«

»

Jul 12

Menjadi Kreatif dan Percaya Diri

BWLogoNewKursus robot menjadi alternatif pendidikan non kurikulum yang lebih aplikatif bagi siswa. Jika sekolah hanya mengajarkan matematika dan fisika di atas kertas, belajar robot membuat para siswa bisa melihat langsung bagaimana penerapannya secara nyata. Rumus integral dan diferensial yang dipelajari di SMA, misalnya, bisa diterapkan untuk memprogram robot agar dapat bergerak di atas garis secara mulus.

Christianto Tjahyadi, Managing Director Next System Robotic Learning Center di Bandung, melihat robotika sebagai kolaborator ilmu mulai dari matematika, fisika, komputer, bahkan sampai ke biologi dan psikologi. “Untuk biologi, misalnya, ketika siswa membuat robot ikan, ia mesti memahami bagaimana cara kerja sirip. Sementara itu, aspek psikologi tersentuh ketika sudah terkait dengan kerjasama tim,” ujar Christianto yang mengembangkan brand robotnya sendiri, yaitu Robot Edukasi.
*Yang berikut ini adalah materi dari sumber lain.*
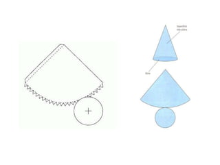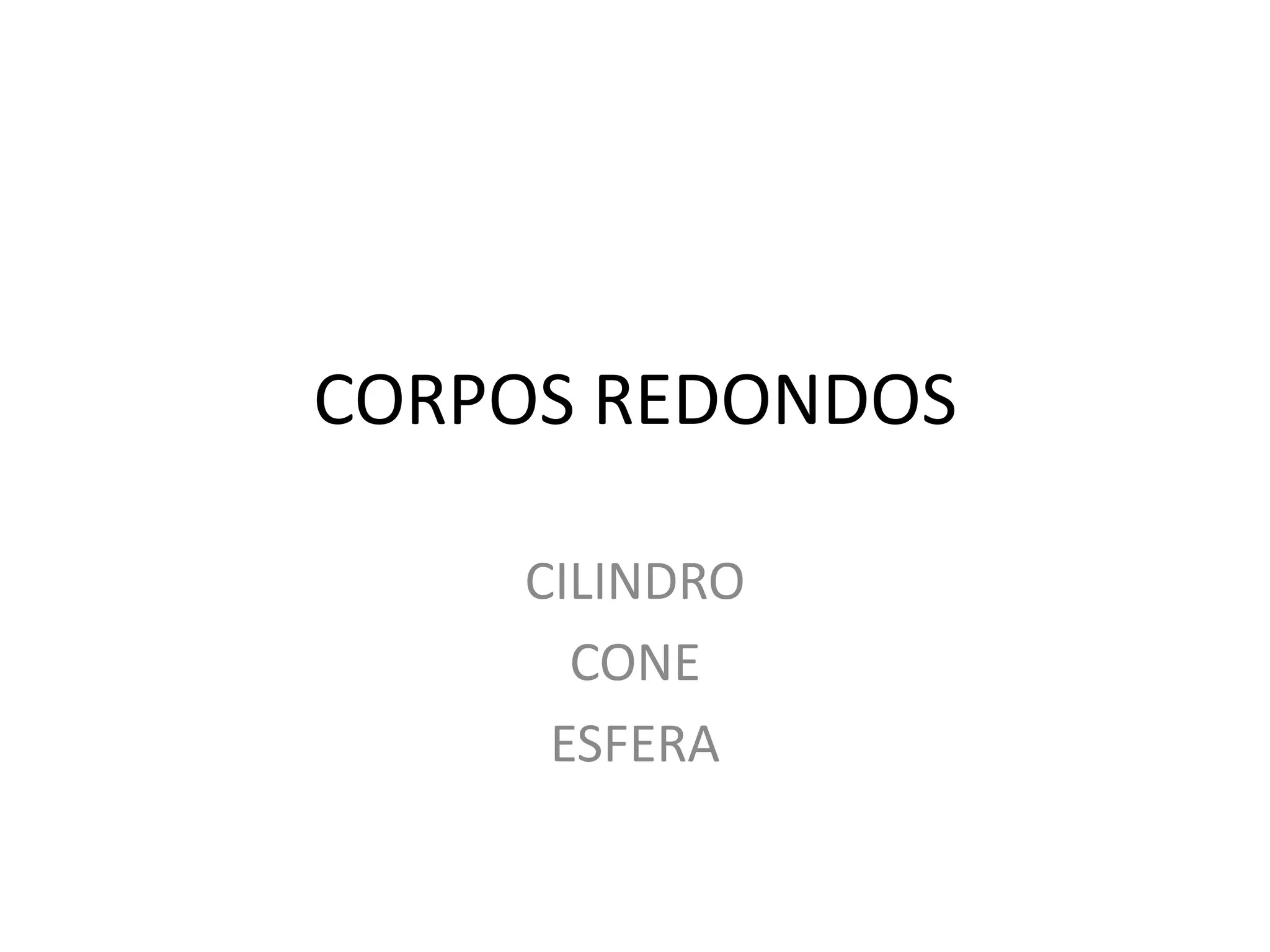 Los cuerpos geométricos mencionados incluyen cilindros, conos, troncos de cono y esferas. El documento lista estos objetos geométricos de forma jerárquica, con cilindros y conos en la parte superior, seguidos de troncos de cono, y esferas en la parte inferior.

Selain anak-anak, orang dewasa pun masih bisa menjadi target pasar kursus robot. Ternyata, menurut Christianto, banyak juga kalangan lain yang meminatinya, seperti guru, dosen, ibu rumah tangga, dan kaum profesional lainnya.
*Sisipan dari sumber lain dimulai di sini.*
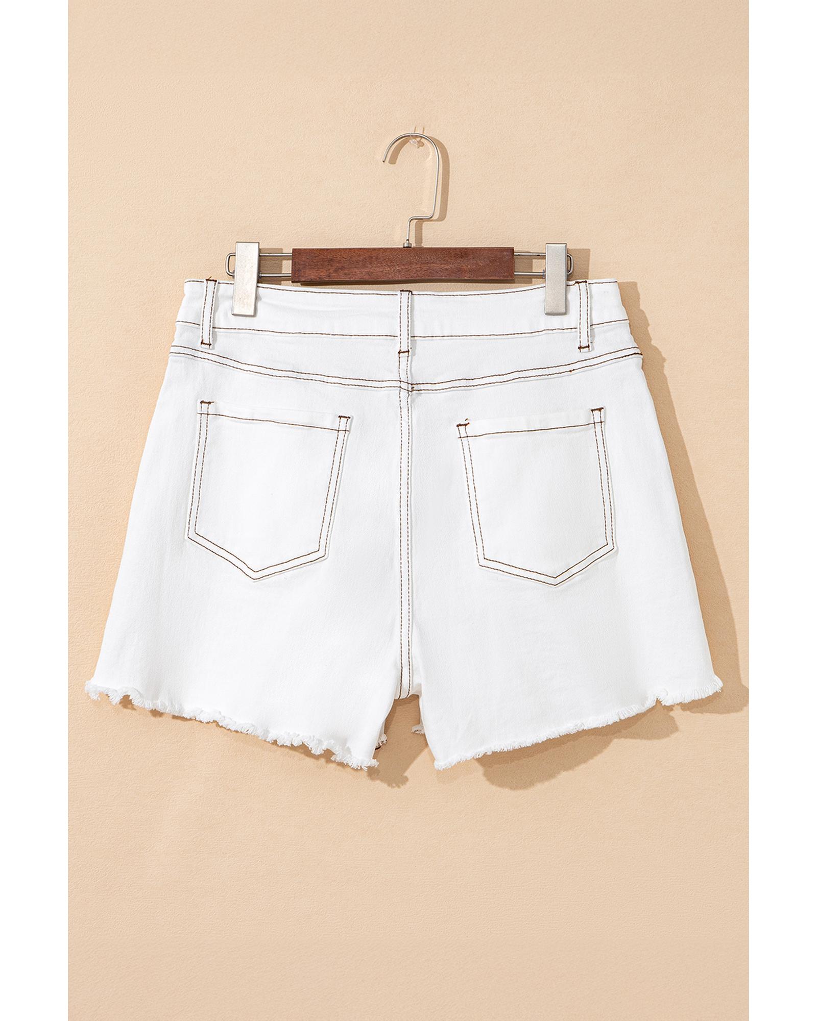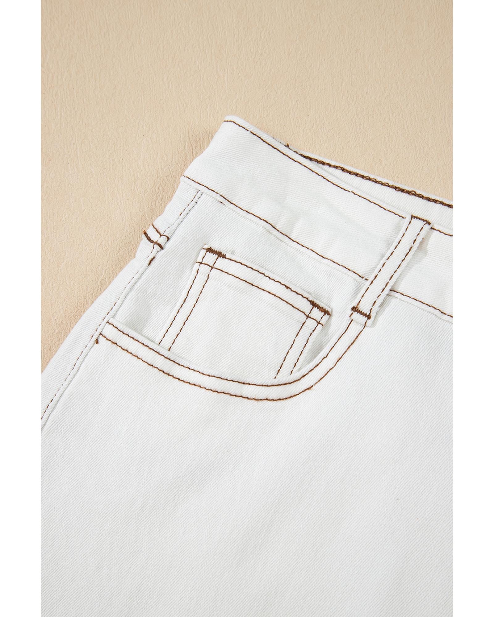Dusk Blue Rhinestone Distressed Denim High Waist Mini Skirt - L

Para guru dan dosen yang mengajarkan ilmu-ilmu sains di sekolah dan universitas ternyata kerap membutuhkan belajar lebih jauh tentang robot. Apakah itu untuk mendapatkan pemahaman aplikatif dari rumus tertentu atau untuk menempuh jenjang pendidikan yang lebih tinggi. “Biasanya, pengajar di Indonesia bisa menyajikan materi yang sangat rumit dalam pengajarannya, tapi tidak begitu paham bagaimana penerapan nyata dari rumus-rumus itu, ” kata Christianto.
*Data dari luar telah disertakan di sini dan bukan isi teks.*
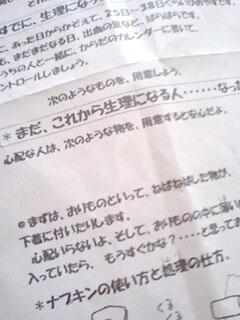 昨日 学校で 女の子だけが集められて(お決まり?) お話があったそうです

Sementara itu, ibu rumah tangga kerap mempelajari robot agar bisa update terhadap perkembangan anaknya yang sedang belajar robot. Tujuannya agar ada hobi yang bisa dilakukan bersama anaknya dan komunikasi lebih lancar. Ada pula profesional yang sekedar ingin belajar saja tentang robot karena ketertarikan pribadi.

Sebetulnya, selain untuk hobi dan mengasah otak, robot juga bisa berguna bagi kehidupan sehari-hari jika kita sudah menguasai konsep dasarnya. Dengan meminjam prosesor robot, kita bisa memanfaatkannya, misalnya, untuk mengatur aliran air dari pipa atau mengatur nyala-matinya lampu secara otomatis.

“Robot itu kan benda yang netral saja. Sama seperti komputer, dulu orang juga tidak paham dan merasa asing. Tapi kemudian orang dari berbagai kalangan belajar menggunakannya baik dengan kursus maupun otodidak dan akhirnya bisa, ” ujar Christianto.

Ketika robot sudah diposisikan seperti komputer, saat itulah belajar robot akan dipandang sebagai suatu keharusan. Dan artinya, masyarakat kita sudah setingkat lebih tinggi dalam pemanfaatan teknologi.